A integração regional também foi reforçada com menções à Organização do Tratado de Cooperação Amazônica e à necessidade de ação coordenada contra crimes ambientais transfronteiriços, como a criação do Centro de Cooperação Policial Internacional da Amazônia. Lula aproveitou a ocasião para reposicionar a imagem ambiental do Brasil no exterior, contrastando a postura atual com o período anterior, quando a área ambiental enfrentava questionamentos profundos que impactavam relações econômicas e comerciais.

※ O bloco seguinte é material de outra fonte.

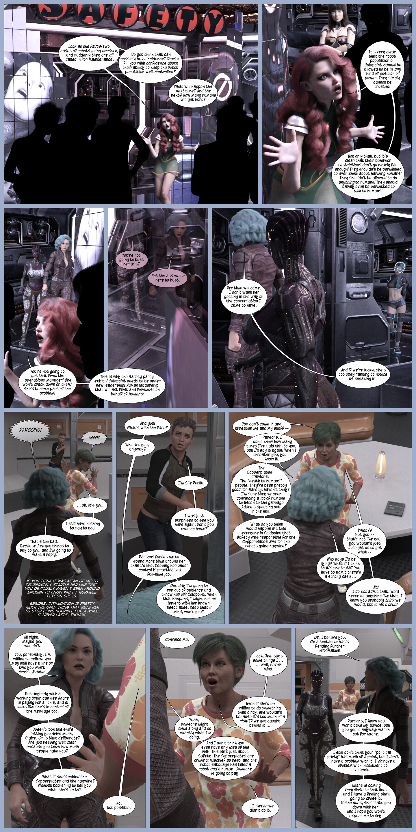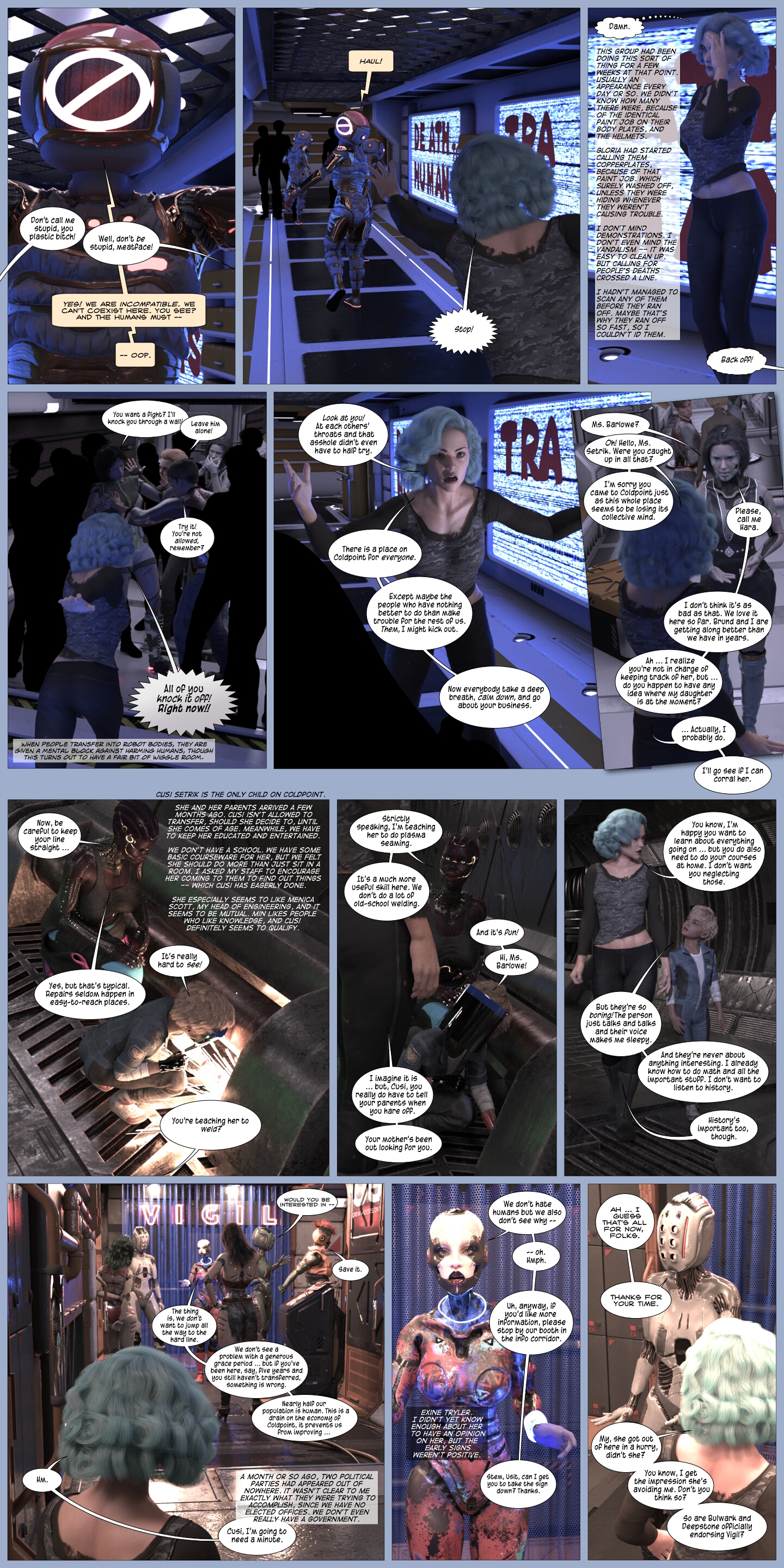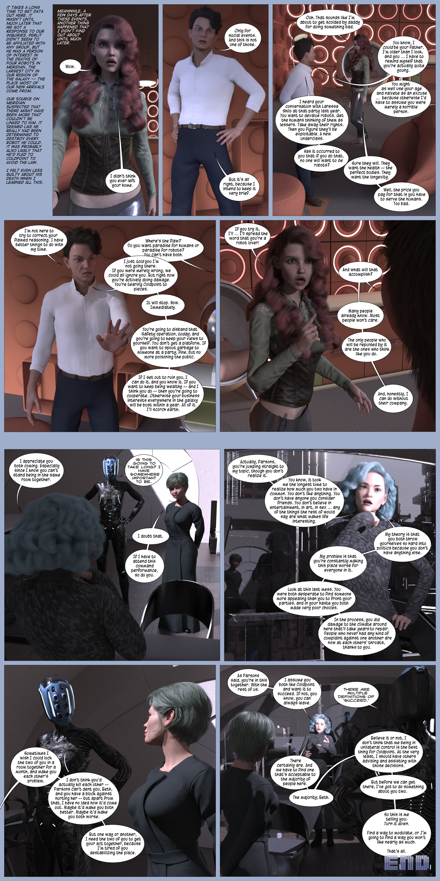 As the title says, this is mostly a lot of stray backstory maintenance and leftovers from the previous issue. It does, however, set the stage for at least two Big Things yet to come.

O presidente destacou os resultados ambientais recentes do governo, como a redução do desmatamento na Amazônia pela metade e no Cerrado em mais de 30%, além da diminuição de queimadas no Pantanal em mais de 90%. O Brasil foi recolocado no mapa dos esforços multilaterais ambientais, presidiu a COP30, lançou o Fundo Florestas Tropicais para Sempre e a Coalizão de Mercados de Carbono, colocando o desenvolvimento justo e sustentável no centro das discussões em fóruns como G20 e BRICS. Recentemente, o governo anunciou a criação de novas unidades de conservação e a expansão de áreas protegidas, reafirmando o compromisso de proteger 30% da área oceânica até 2030.